Kıst: “Adil paylaştırılmış pay, nasip” şeklinde tanımlanmakta.

Mizan: “Terazi" anlamına gelir. Mizan, ahirette hesaptan sonra herkesin amellerinin tartıldığı ilahi adalet ölçüsüdür.

Hakk: “Gerçek, doğru ve sabit olmak, gerekli ve gerçeğe uygun gibi anlamlara gelir.

Vasat: ''Orta, iki şeyin ortasında olan, ortalama” gibi anlamlara gelir.

İslam ilahi nizam'ın en önemli özelliği onun tüm insanlığa siyahı, beyazı, kültürleri farklı, ırkı ve dinlerini ayırt etmeksizin onların arasında adalet ile hükmetmek dinin esaslarındandır. Din farklı olması adaletle hükmetmeyi engel olmaz çünkü Allah herkesin rabbi ve ilahıdır.

يَٓا اَيُّهَا الَّذ۪ينَ اٰمَنُوا كُونُوا قَوَّام۪ينَ لِلّٰهِ شُهَدَٓاءَ بِالْقِسْطِۘ وَلَا يَجْرِمَنَّكُمْ شَنَاٰنُ قَوْمٍ عَلٰٓى اَلَّا تَعْدِلُواۜ اِعْدِلُوا۠ هُوَ اَقْرَبُ لِلتَّقْوٰىۘ وَاتَّقُوا اللّٰهَۜ اِنَّ اللّٰهَ خَب۪يرٌ بِمَا تَعْمَلُونَ   

  “Ey iman edenler! Allah için hakkı ayakta tutan, adaletle şahitlik eden kimseler olun. Bir topluluğa duyduğunuz kin, sizi adil davranmamaya itmesin. Adaletli olun. Bu takvaya / Allah’a titizlikle itaata daha çok yakışandır. Allah’a isyandan sakının. Allah yapmakta olduklarınızı hakkıyla bilmektedir, haberdardır.” (Maide: 8)
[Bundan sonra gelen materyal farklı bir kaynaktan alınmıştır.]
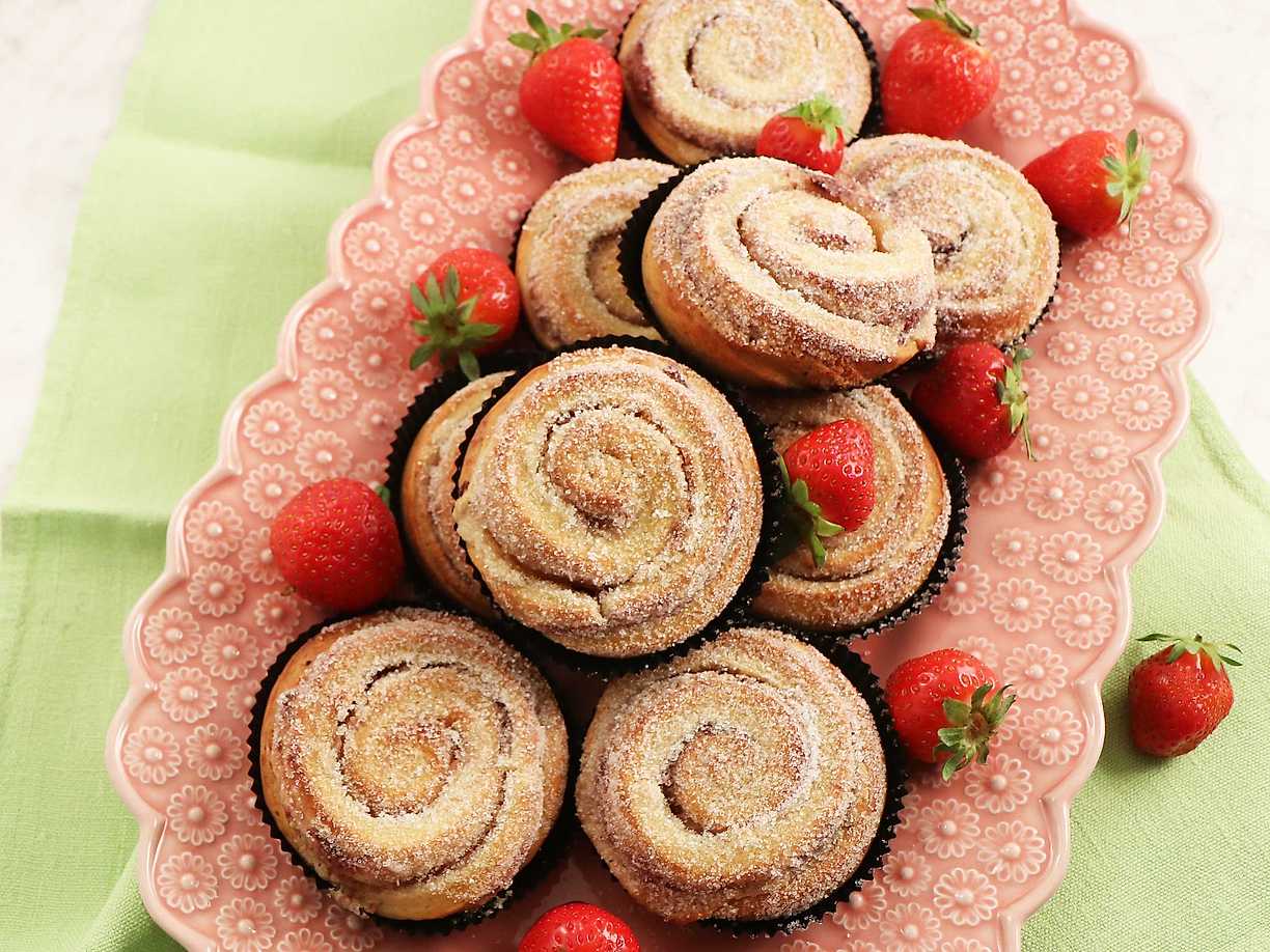 Karlsbaderbullar med jordgubb, mandel och vanilj

Adalet huzur, güven, mutluluk, hayır, yardım, dayanışma, muhabbet, sevgi ve istikrar demektir. Adaletin zıttı ise zulümdür. Zulmün olduğu yerde şirk, küfür, kula kulluk, kavga, savaş, kan gözyaşı, ölümler ve her türlü çatışma söz konusudur. Bu sebebple Allah mü'minlere tüm insanlara karşı adalet, eşitlik ve hakkaniyet ile hükmetmeyi emreder.

اِنَّٓا اَنْزَلْـنَٓا اِلَيْكَ الْكِتَابَ بِالْحَقِّ لِتَحْكُمَ بَيْنَ النَّاسِ بِمَٓا اَرٰيكَ اللّٰهُۜ وَلَا تَكُنْ لِلْخَٓائِن۪ينَ خَص۪يماًۙ   

  “Allah’ın sana gönderdiği şekilde insanlar arasında hükmedesin diye sana kitabı hak ile indirdik. Hainlerden taraf olma!”  (Nisa: 105)    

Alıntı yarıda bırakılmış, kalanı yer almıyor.